▶ [Data section]
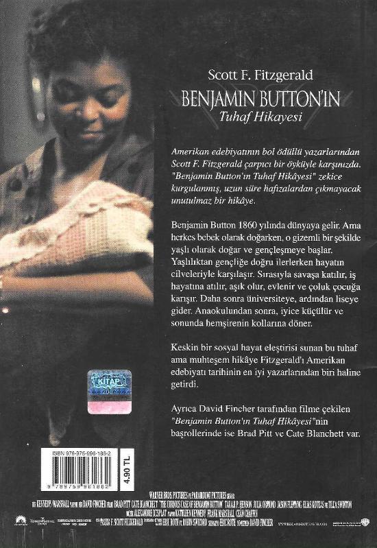 Benjamin Button'ın tuhaf hikayesi, Scott F. Fitzgerald tarafından kaleme alınmıştır. Kitap 2009 yılında Profil Yayıncılık tarafından [İstanbul] 978-975-996-186-2 ISBN kodu ile yayınlanmıştır. Bu baskının çevirisi Zeynep Ertan tarafından yapılmıştır. 78 sayfadır. Benjamin Button'ın tuhaf hikayesi adlı eser Türkçe dilindedir.
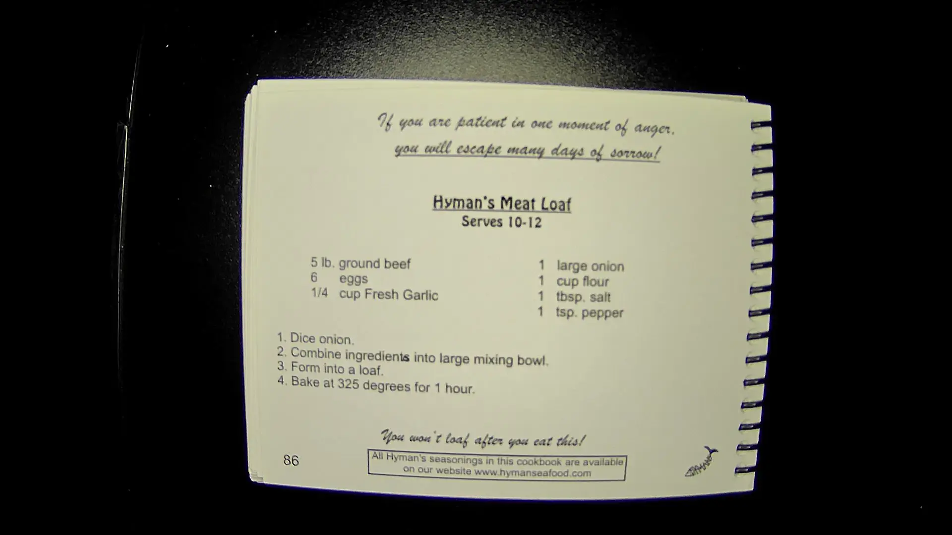 Here’s the text from the image: --- **If you are patient in one moment of danger, you will escape many days of sorrow!** **Hyman’s Meat Loaf** Serves 10-12 - 5 lb. ground beef - 6 eggs - 1/4 cup fresh garlic - 1 large onion - 1 cup flour - 1 tbsp. salt - 1 tsp. pepper 1. Dice onion. 2. Combine ingredients into large mixing bowl. 3. Form into a loaf. 4. Bake at 325 degrees for 1 hour. **You won’t loaf after you eat this!** All Hyman’s seasonings in this cookbook are available on our website www.hymanmeatloaf.com ---llm
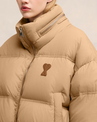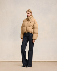 Down jacket in technical canvas. 56,5 cm center back length (size XS) Down and feather filling Hidden hood in the collar Ribbed cuffs Nickel color metal zipper double sliders Front and inside pockets with invisible snap buttons Adjustable cord at waist Ami de Coeur leather patch on the chest Water-repellent fabric Made in Madagascar (with love) REF : FJK413.PA0009.255 SIZE & FIT Fits true to size. Take your normal size. Model is 1m78 / 5'10" and is wearing a size XS. COMPOSITION & CARE GUIDE 98% Polyamide, 2% Polyurethane Do not wash Chlorine prohibited Do not tumble dry Cool iron Dry clean petroleum solvent only on a gentle process

▶ [The task] What you give back should be exactly the lines from the top of the data above down to and including the line with "Here’s the text", minus any pictures.

▶ [Written response]
 Benjamin Button'ın tuhaf hikayesi, Scott F. Fitzgerald tarafından kaleme alınmıştır. Kitap 2009 yılında Profil Yayıncılık tarafından [İstanbul] 978-975-996-186-2 ISBN kodu ile yayınlanmıştır. Bu baskının çevirisi Zeynep Ertan tarafından yapılmıştır. 78 sayfadır. Benjamin Button'ın tuhaf hikayesi adlı eser Türkçe dilindedir.
 Here’s the text from the image: --- **If you are patient in one moment of danger, you will escape many days of sorrow!** **Hyman’s Meat Loaf** Serves 10-12 - 5 lb. ground beef - 6 eggs - 1/4 cup fresh garlic - 1 large onion - 1 cup flour - 1 tbsp. salt - 1 tsp. pepper 1. Dice onion. 2. Combine ingredients into large mixing bowl. 3. Form into a loaf. 4. Bake at 325 degrees for 1 hour. **You won’t loaf after you eat this!** All Hyman’s seasonings in this cookbook are available on our website www.hymanmeatloaf.com ---llm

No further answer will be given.